**Dataset**
□ □ □ □

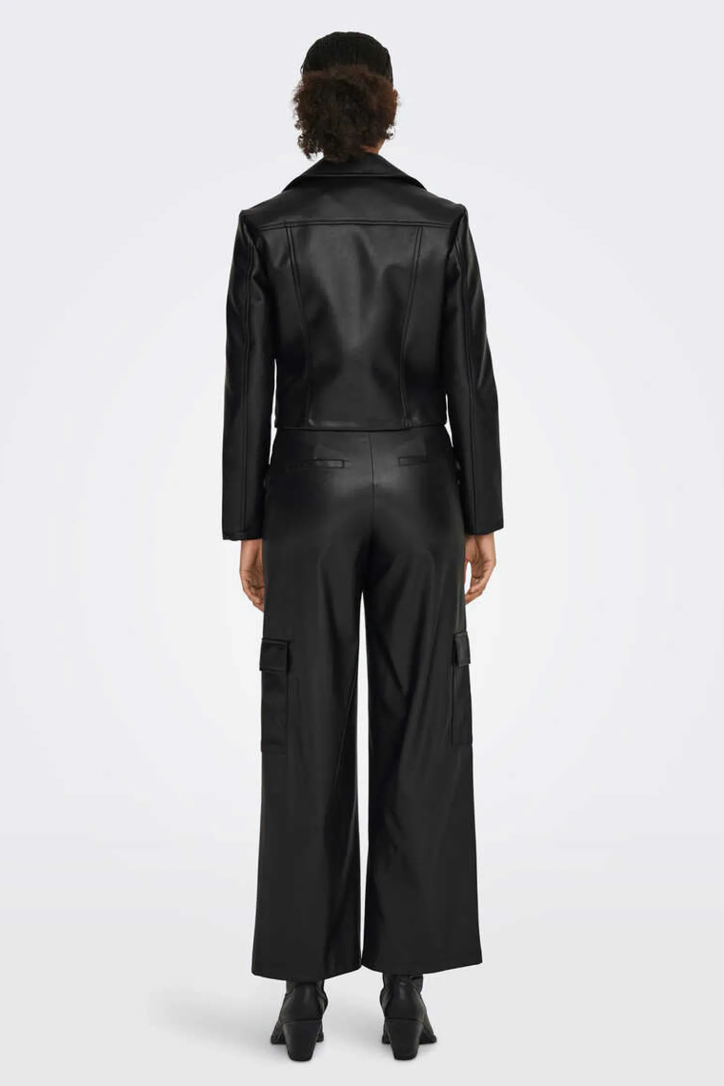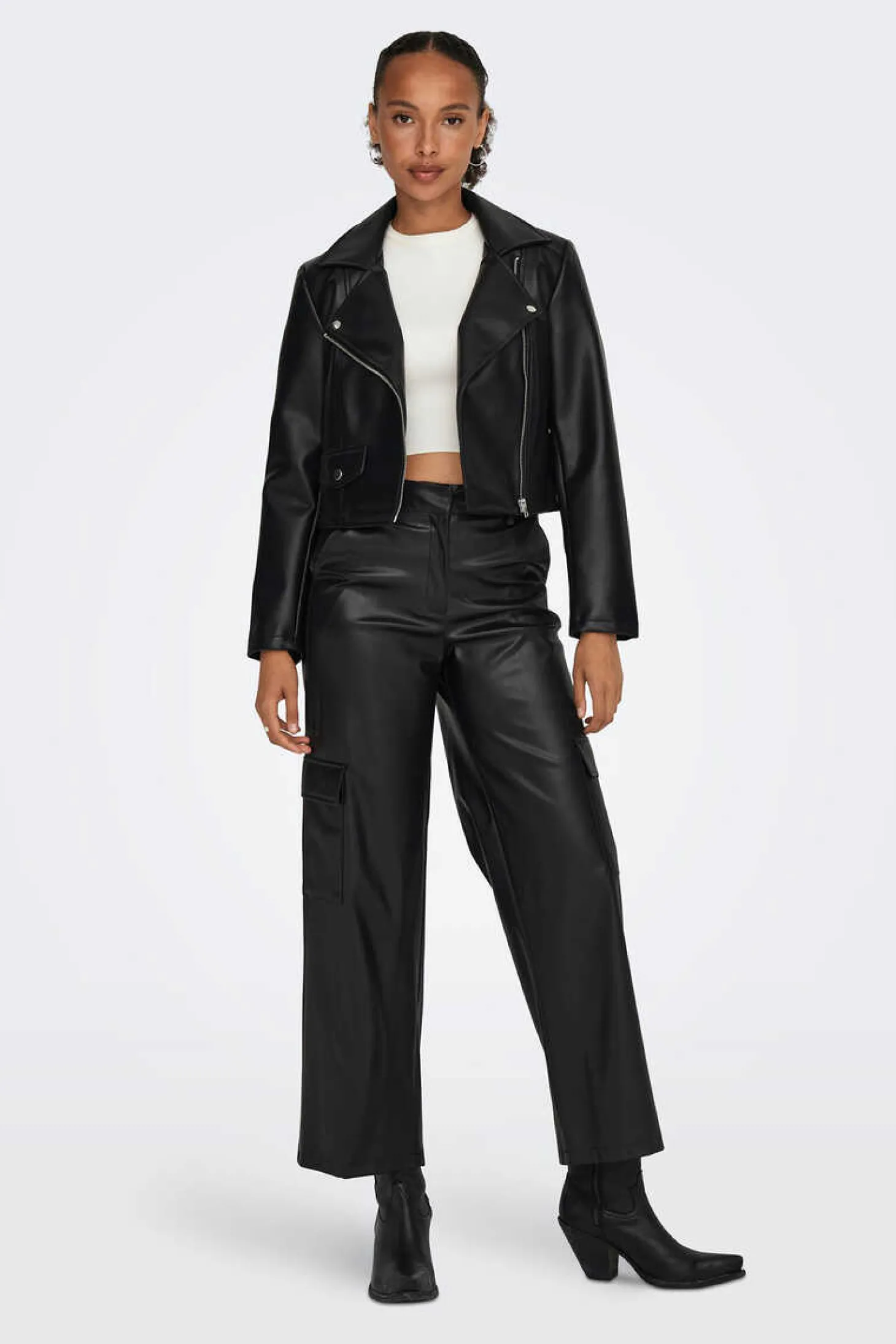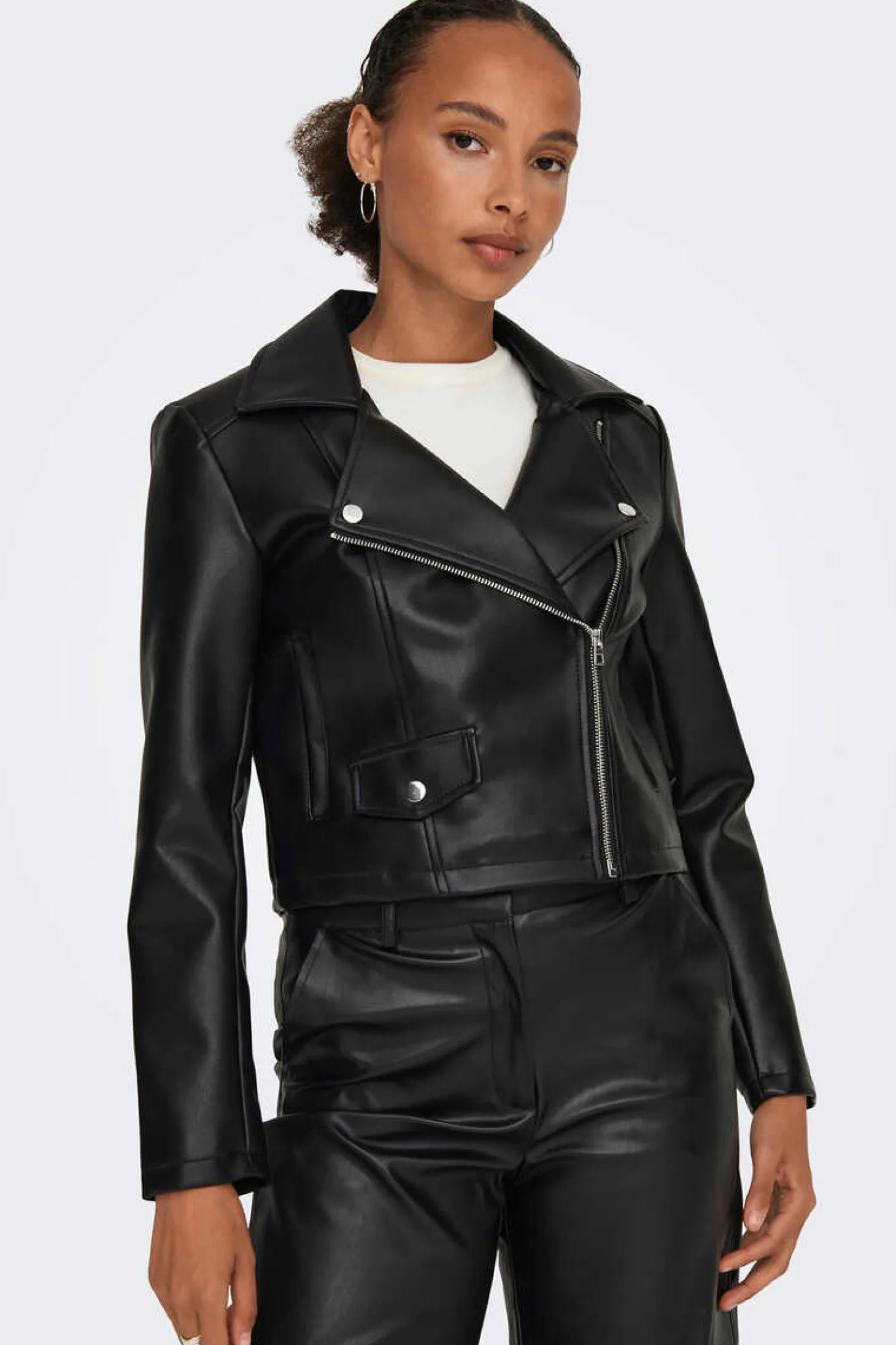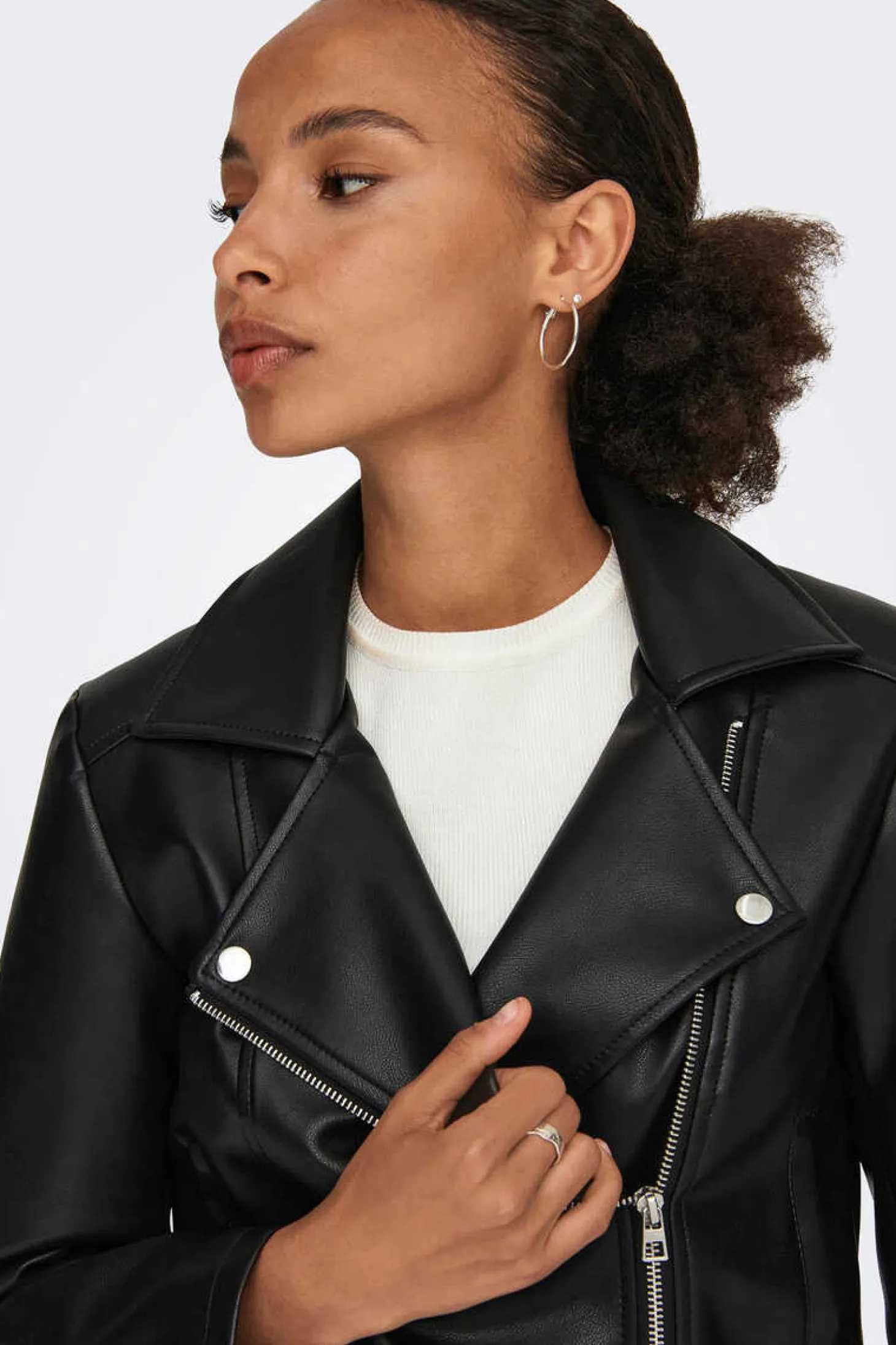 Blusao Biker Efeito Pele. Fecho-Eclair Assimetrico. Mangas Compridas E Gola Em V. Forro Interior. Falso Bolso Com Botao.
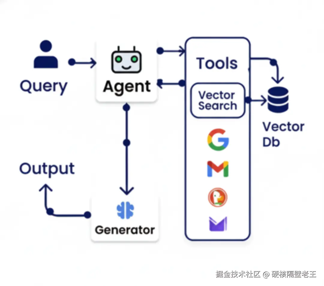 Agentic RAG是检索增强生成(RAG)技术的智能体化升级。传统RAG系统通常采用固定的检索策略,而Agentic RAG让智能体能够主动决定何时检索、检索什么内容、如何使用检索结果。智能体可以访问向量数据库以及各种外部工具,根据查询的复杂度动态调整检索策略,然后由生成器基于检索到的相关信息产生最终输出。
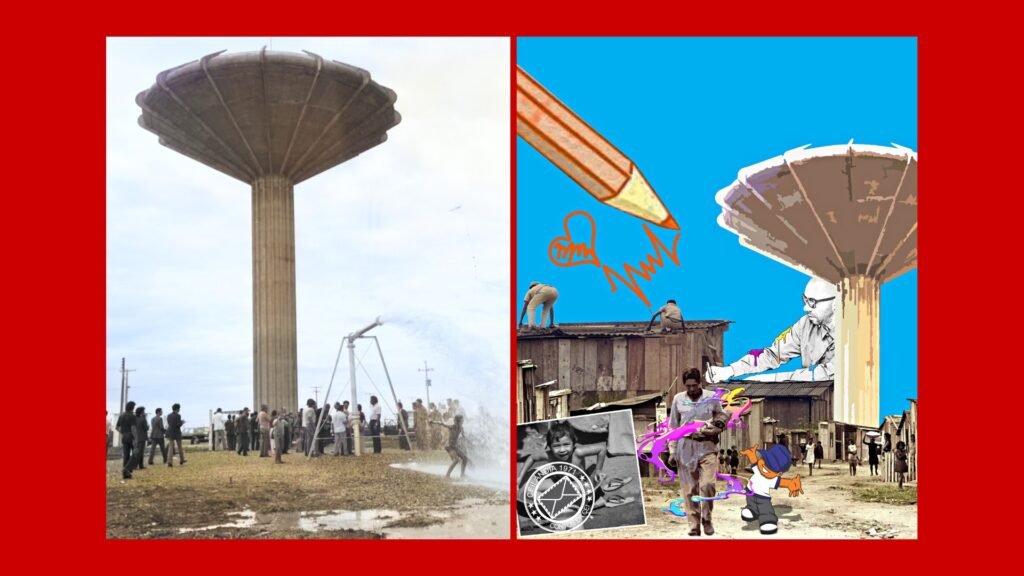 À esquerda foto original da caixa d’água da Ceilândia e à direita obra do artista Elom
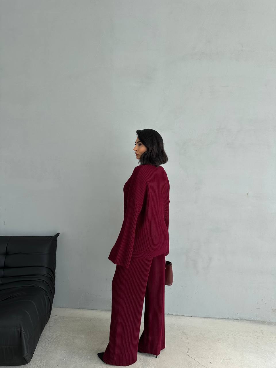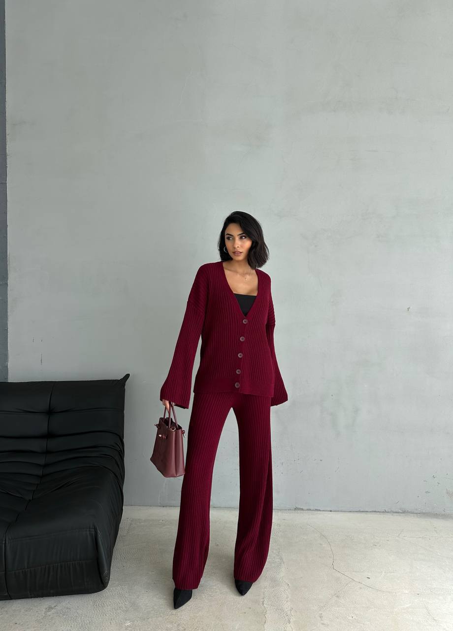 Женский Базовый Бордовый Костюм Свободного Кроя в Широкий Рубчик – Комплект Кардиган Штаны
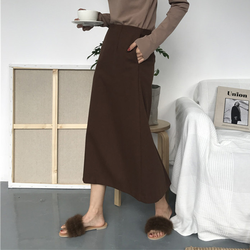 簡約黑裙子秋裝女2018新款韓版時尚高腰半身裙學生休閑中長A字裙
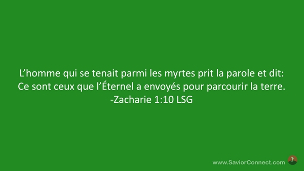 L'homme qui se tenait parmi les myrtes prit la parole et dit: Ce sont ceux que l'Éternel a envoyés pour parcourir la terre. -Zacharie 1:10 LSG
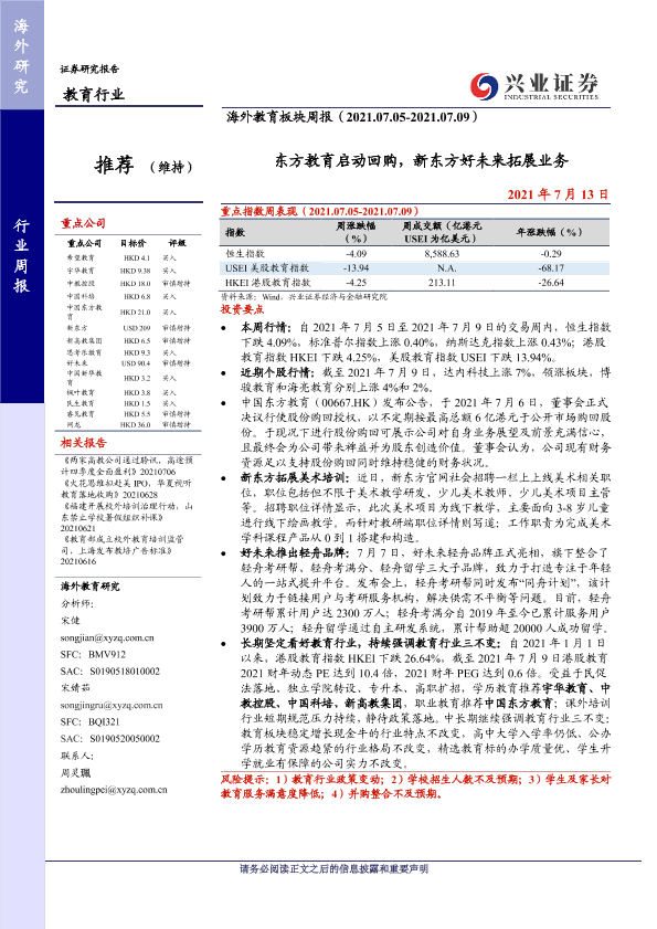 【兴业证券】【20210713】海外教育板块周报:东方教育启动回购,新东方好未来拓展业务-10页

□ □ □ □

**Exercise objective**
Drop the images; restate the listing exactly.

**The completed task**
 Blusao Biker Efeito Pele. Fecho-Eclair Assimetrico. Mangas Compridas E Gola Em V. Forro Interior. Falso Bolso Com Botao.
 Agentic RAG是检索增强生成(RAG)技术的智能体化升级。传统RAG系统通常采用固定的检索策略,而Agentic RAG让智能体能够主动决定何时检索、检索什么内容、如何使用检索结果。智能体可以访问向量数据库以及各种外部工具,根据查询的复杂度动态调整检索策略,然后由生成器基于检索到的相关信息产生最终输出。
 À esquerda foto original da caixa d’água da Ceilândia e à direita obra do artista Elom
 Женский Базовый Бордовый Костюм Свободного Кроя в Широкий Рубчик – Комплект Кардиган Штаны
 簡約黑裙子秋裝女2018新款韓版時尚高腰半身裙學生休閑中長A字裙
 L'homme qui se tenait parmi les myrtes prit la parole et dit: Ce sont ceux que l'Éternel a envoyés pour parcourir la terre. -Zacharie 1:10 LSG
 【兴业证券】【20210713】海外教育板块周报:东方教育启动回购,新东方好未来拓展业务-10页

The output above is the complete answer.